- _PROBLEM DESCRIPTION_: Up to and including the line that contains "El nuevo barrio", reproduce every line exactly, beginning with the first line below.

<<<<

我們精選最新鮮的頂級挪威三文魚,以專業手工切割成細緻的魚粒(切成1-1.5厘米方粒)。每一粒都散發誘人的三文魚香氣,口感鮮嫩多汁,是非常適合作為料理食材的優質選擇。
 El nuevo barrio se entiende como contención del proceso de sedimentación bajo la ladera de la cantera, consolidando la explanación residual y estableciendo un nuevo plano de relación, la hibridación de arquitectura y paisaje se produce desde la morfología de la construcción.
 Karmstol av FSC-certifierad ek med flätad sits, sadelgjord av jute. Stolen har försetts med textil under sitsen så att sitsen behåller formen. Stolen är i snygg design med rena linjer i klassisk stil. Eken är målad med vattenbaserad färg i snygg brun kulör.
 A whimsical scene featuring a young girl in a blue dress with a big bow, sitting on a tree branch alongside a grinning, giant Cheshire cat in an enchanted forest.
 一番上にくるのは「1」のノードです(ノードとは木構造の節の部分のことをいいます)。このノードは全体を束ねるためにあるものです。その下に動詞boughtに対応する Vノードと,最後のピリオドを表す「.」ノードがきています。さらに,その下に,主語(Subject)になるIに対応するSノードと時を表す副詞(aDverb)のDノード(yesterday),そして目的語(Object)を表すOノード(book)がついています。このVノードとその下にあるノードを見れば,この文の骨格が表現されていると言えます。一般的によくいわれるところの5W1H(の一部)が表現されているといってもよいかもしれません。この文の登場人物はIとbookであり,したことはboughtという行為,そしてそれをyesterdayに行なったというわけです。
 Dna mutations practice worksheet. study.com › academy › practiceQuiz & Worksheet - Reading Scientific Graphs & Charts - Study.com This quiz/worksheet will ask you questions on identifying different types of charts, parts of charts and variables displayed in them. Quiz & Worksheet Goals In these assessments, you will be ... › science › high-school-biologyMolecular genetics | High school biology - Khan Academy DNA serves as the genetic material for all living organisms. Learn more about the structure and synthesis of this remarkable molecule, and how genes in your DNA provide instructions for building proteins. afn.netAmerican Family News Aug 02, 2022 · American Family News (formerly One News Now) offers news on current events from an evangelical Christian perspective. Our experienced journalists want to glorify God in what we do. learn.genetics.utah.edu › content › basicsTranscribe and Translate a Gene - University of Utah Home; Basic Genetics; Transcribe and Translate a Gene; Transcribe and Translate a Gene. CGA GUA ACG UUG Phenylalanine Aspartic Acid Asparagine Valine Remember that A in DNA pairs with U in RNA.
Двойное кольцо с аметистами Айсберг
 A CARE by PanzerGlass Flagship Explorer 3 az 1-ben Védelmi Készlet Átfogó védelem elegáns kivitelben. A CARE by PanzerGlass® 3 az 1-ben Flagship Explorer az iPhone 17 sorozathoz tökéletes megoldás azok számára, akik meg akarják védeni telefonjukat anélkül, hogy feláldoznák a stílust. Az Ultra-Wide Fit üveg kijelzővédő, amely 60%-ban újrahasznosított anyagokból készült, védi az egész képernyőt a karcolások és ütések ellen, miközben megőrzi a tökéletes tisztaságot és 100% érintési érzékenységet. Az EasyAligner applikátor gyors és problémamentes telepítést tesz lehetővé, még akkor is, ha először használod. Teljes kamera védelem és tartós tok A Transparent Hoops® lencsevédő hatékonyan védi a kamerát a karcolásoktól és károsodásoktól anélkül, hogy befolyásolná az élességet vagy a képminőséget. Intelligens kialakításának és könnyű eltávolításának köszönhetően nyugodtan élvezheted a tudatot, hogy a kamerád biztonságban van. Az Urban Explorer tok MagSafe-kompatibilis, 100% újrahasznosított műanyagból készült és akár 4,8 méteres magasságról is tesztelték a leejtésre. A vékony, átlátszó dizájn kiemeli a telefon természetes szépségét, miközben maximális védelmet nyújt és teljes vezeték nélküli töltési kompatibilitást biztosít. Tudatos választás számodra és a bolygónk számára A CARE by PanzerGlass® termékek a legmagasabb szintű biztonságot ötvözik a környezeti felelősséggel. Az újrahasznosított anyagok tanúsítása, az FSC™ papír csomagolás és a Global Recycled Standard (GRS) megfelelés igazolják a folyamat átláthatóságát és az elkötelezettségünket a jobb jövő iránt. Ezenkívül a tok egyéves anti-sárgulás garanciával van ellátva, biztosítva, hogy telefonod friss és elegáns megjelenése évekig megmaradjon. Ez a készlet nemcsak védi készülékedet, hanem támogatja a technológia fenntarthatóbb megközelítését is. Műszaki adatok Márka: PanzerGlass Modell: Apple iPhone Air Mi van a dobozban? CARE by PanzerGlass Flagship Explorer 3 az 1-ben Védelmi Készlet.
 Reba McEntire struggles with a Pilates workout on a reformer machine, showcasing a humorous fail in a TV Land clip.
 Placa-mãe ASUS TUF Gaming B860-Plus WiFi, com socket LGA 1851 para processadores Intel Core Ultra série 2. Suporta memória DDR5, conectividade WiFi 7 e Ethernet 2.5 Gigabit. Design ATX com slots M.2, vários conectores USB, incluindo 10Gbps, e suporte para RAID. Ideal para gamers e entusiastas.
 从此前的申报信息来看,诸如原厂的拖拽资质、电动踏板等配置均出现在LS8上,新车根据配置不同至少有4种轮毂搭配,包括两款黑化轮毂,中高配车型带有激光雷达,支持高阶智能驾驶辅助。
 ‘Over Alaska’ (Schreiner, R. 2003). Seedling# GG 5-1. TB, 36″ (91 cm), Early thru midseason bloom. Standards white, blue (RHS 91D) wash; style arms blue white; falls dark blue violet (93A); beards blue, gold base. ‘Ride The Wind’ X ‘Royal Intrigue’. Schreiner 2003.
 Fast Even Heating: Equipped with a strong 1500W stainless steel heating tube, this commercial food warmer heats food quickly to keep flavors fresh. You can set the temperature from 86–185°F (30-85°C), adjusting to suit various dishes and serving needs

>>>>

- _TASK RESULT_:
我們精選最新鮮的頂級挪威三文魚,以專業手工切割成細緻的魚粒(切成1-1.5厘米方粒)。每一粒都散發誘人的三文魚香氣,口感鮮嫩多汁,是非常適合作為料理食材的優質選擇。
 El nuevo barrio se entiende como contención del proceso de sedimentación bajo la ladera de la cantera, consolidando la explanación residual y estableciendo un nuevo plano de relación, la hibridación de arquitectura y paisaje se produce desde la morfología de la construcción.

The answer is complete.